David Bollier is an American activist, independent scholar, and blogger who advances the commons as a new/old paradigm for re-imagining economics, politics, and culture. He has pursued this work for more than twenty years with a variety of US and international partners -- assisting projects, expanding networks of commoners, developing strategic opportunities, and elevating the discourse and scholarship. Since 2016, Bollier has been Director of the Reinventing the Commons Program at the Schumacher Center for a New Economics (Massachusetts, US).
His blog, Bollier.org, is a widely read source of news and commentary about the commons, and his monthly podcast Frontiers of Commoning is a leading venue for dialogues with cutting-edge thinkers, practitioners, and advocates. In 2019, Bollier and his long-time collaborator Silke Helfrich published Free, Fair and Alive: The Insurgent Power of the Commons, a major reconceptualization of commons as relational social systems, and not simply as unowned resources. Spanish and German editions have been published, and French and Greek translations are underway. Bollier’s popular introduction to the commons,Think Like a Commoner (2014), has been translated into six languages.

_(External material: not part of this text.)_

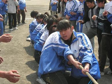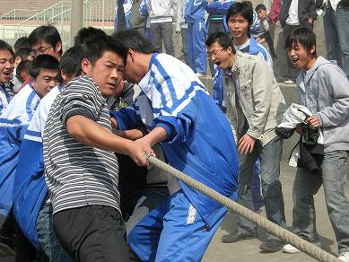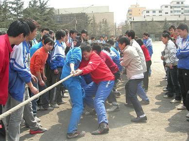 比赛中,各班参赛的同学表现出了顽强的意志和拼搏精神,在啦啦队同学震耳的“加油”呐喊声中,比赛进行得异常激烈,双方队员紧紧抓牢手中的绳子,齐心协力往后拉。加油声、叹息声、欢笑声此起彼伏,在这紧张时刻,队员们咬紧牙关,使尽全力,奋勇拼搏。有的队员手和脸都拉得通红,有的身体斜斜就快躺到地上去……每一个班级的参赛队都全力以赴,赛出了顽强的精神、团结的风尚。
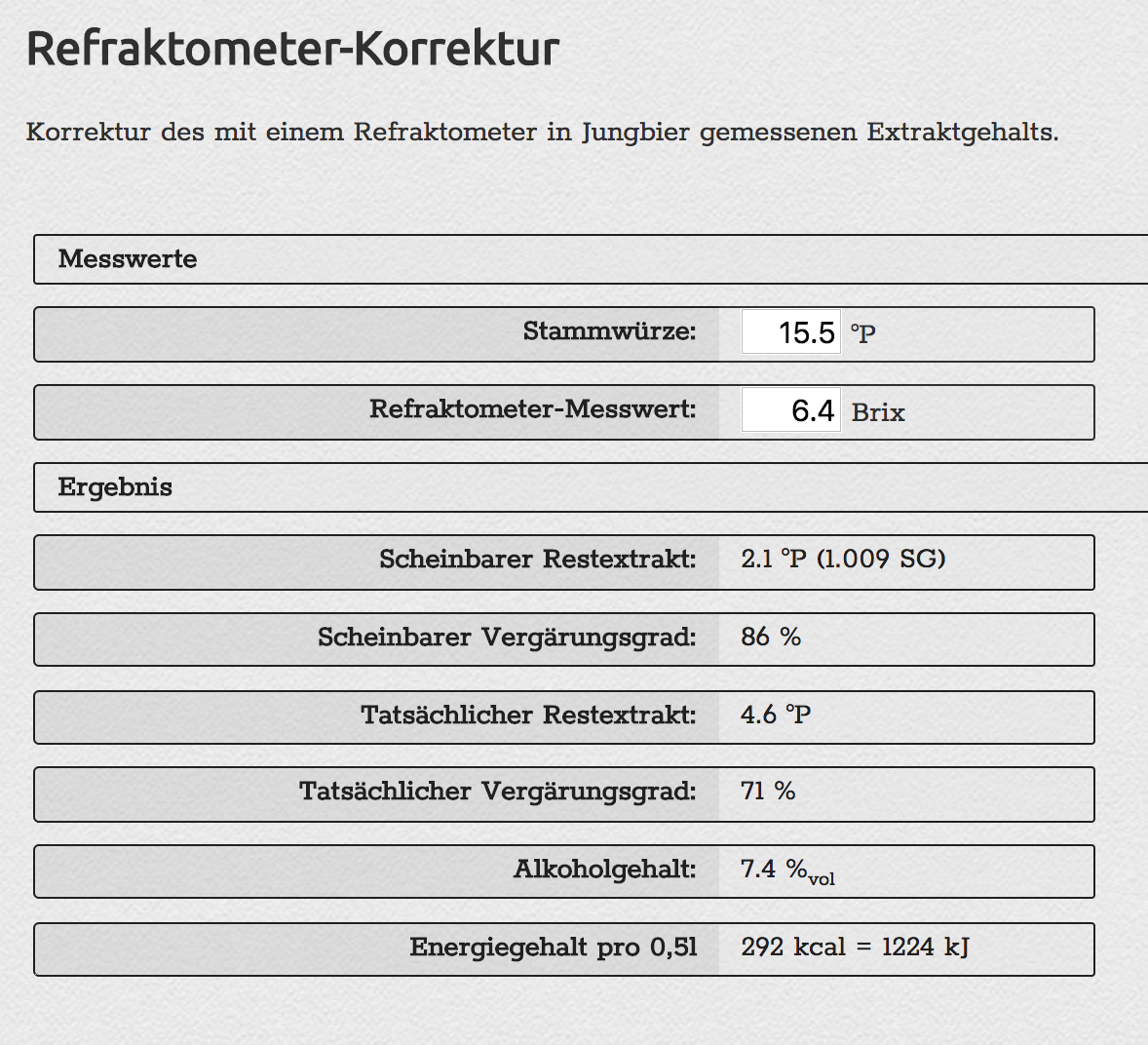 [Ironie on] MMuM ist auch super für die Profis unter den Refraktometer-Nutzern. Die können sich dann jeweils die Berechnung rauspicken, die gerade am besten zu ihrer Erwartung passt. Gerne auch den Mittelwert der beiden Formeln. [Ironie off]

As an editor or author, Bollier has published ten books on various aspects of the commons. These include an anthology of profiles of commons, Patterns of Commoning (2015), and a collection of essays, The Wealth of the Commons (2012), both produced with co-editor Silke Helfrich. Bollier also co-authored Green Governance: Ecological Survival, Human Rights, and the Law of the Commons (2013) with the late Professor Burns Weston, an international human rights and law scholar. His book Viral Spiral (2009) documents the rise of digital commons; Brand-Name Bullies (2005) describes the overreach of intellectual property laws on culture and creativity; and Silent Theft (2002) was an early account of the many predatory, abusive market enclosures of the commons.
In 2012, Bollier was a fellow at the American Academy in Berlin after receiving the Bosch Berlin Prize in Public Policy for his work on the commons. He co-founded the Washington, D.C. advocacy group Public Knowledge in the early 2000s; collaborated with television writer/producer Norman Lear for twenty-five years on political and public affairs projects; and worked with Ralph Nader in the late 1970s and early 1980s. Bollier lives in Amherst, Massachusetts.